■ Supplied data ■
══════════

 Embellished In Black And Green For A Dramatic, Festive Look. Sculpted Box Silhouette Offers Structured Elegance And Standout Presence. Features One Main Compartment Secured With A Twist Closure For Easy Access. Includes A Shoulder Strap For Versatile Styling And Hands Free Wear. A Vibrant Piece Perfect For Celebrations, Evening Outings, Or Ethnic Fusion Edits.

══════════

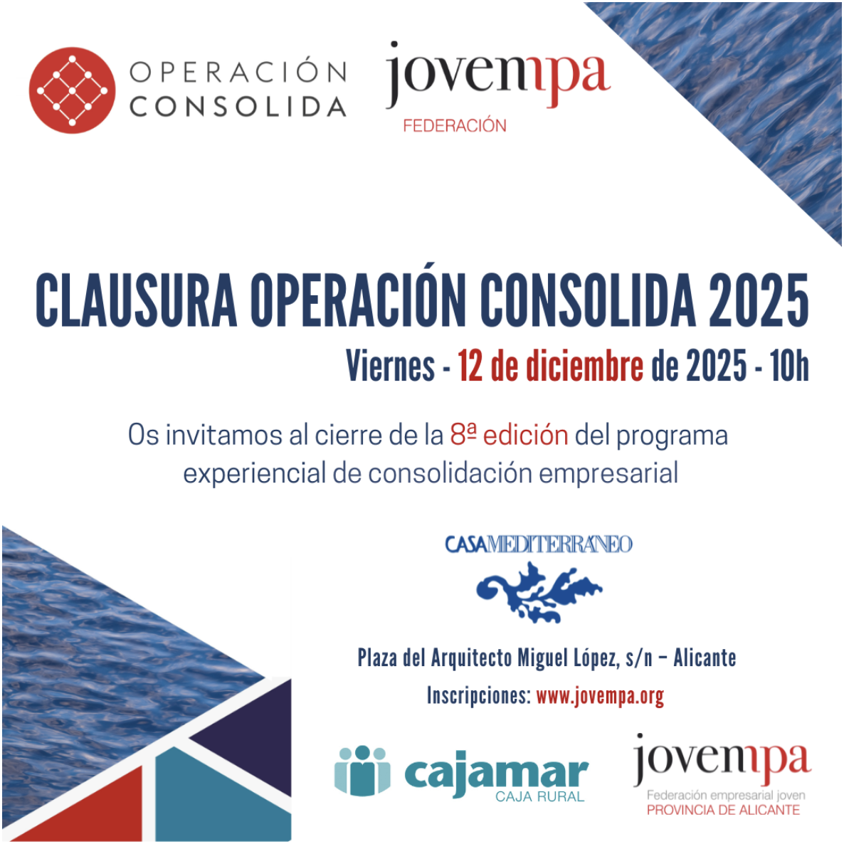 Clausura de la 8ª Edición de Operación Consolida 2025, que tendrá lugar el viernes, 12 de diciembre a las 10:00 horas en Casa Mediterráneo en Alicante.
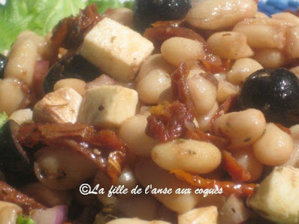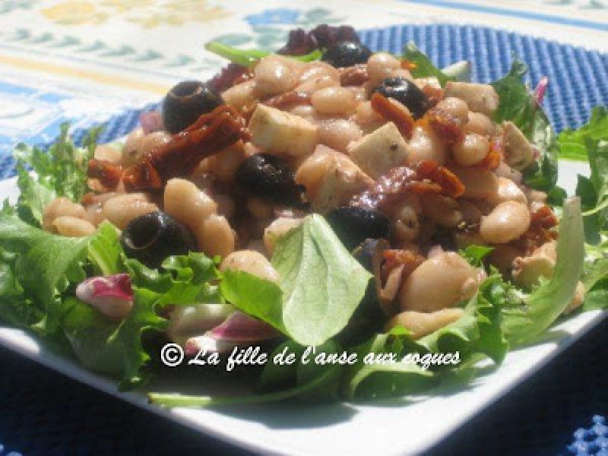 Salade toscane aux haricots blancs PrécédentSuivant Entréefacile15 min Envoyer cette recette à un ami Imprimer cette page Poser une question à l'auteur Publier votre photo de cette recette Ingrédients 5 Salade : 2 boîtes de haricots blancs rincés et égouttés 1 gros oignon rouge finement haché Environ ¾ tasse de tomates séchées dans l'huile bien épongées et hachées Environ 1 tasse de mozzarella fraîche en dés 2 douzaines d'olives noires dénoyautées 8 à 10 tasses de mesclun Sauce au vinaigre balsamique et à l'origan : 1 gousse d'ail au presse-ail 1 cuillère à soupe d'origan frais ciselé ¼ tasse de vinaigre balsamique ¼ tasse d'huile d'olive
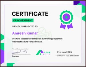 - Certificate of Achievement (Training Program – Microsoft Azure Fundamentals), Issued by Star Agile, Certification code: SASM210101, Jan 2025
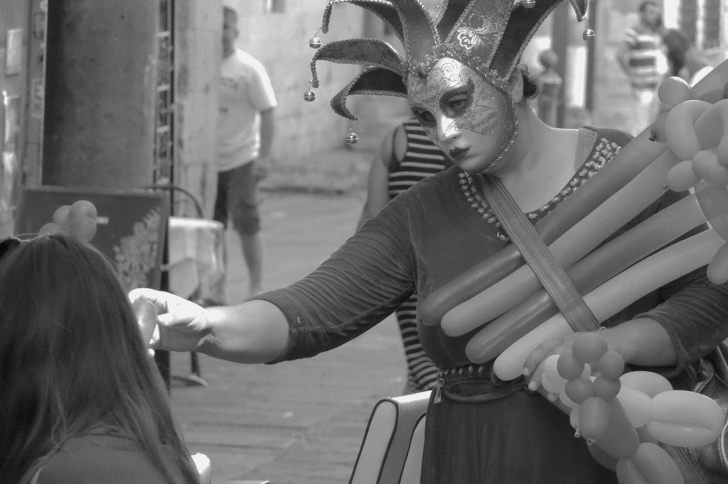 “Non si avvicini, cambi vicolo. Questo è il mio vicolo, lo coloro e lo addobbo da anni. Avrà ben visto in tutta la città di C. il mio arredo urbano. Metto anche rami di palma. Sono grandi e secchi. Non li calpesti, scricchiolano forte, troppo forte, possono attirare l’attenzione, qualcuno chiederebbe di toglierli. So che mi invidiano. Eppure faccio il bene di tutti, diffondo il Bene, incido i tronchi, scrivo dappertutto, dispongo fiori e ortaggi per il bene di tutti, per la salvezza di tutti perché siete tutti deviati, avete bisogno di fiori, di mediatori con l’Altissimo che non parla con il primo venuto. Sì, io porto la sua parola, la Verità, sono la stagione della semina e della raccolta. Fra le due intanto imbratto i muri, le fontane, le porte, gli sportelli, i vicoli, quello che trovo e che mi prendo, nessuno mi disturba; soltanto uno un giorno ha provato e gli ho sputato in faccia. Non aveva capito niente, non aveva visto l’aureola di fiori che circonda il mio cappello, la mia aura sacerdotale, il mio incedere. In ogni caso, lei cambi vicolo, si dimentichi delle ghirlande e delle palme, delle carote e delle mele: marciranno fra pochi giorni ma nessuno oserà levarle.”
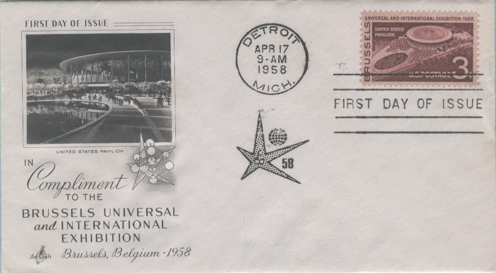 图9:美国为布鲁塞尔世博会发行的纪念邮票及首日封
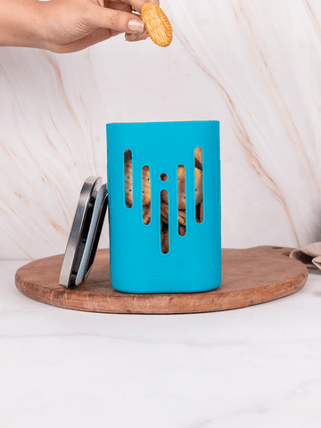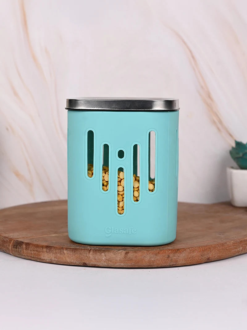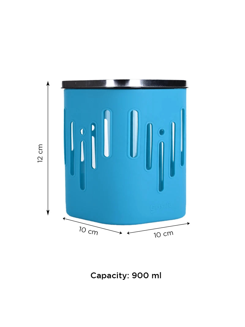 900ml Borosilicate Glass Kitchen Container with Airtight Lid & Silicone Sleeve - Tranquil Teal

══════════

Starting at the line above that holds "图9:美国为布鲁塞尔世博会发行的纪念邮票及首日封", repeat every line exactly down to and including the line that holds "900ml Borosilicate Glass", then stop. Do not carry over any pictures.

■ Result of the exercise ■
 图9:美国为布鲁塞尔世博会发行的纪念邮票及首日封
 900ml Borosilicate Glass Kitchen Container with Airtight Lid & Silicone Sleeve - Tranquil Teal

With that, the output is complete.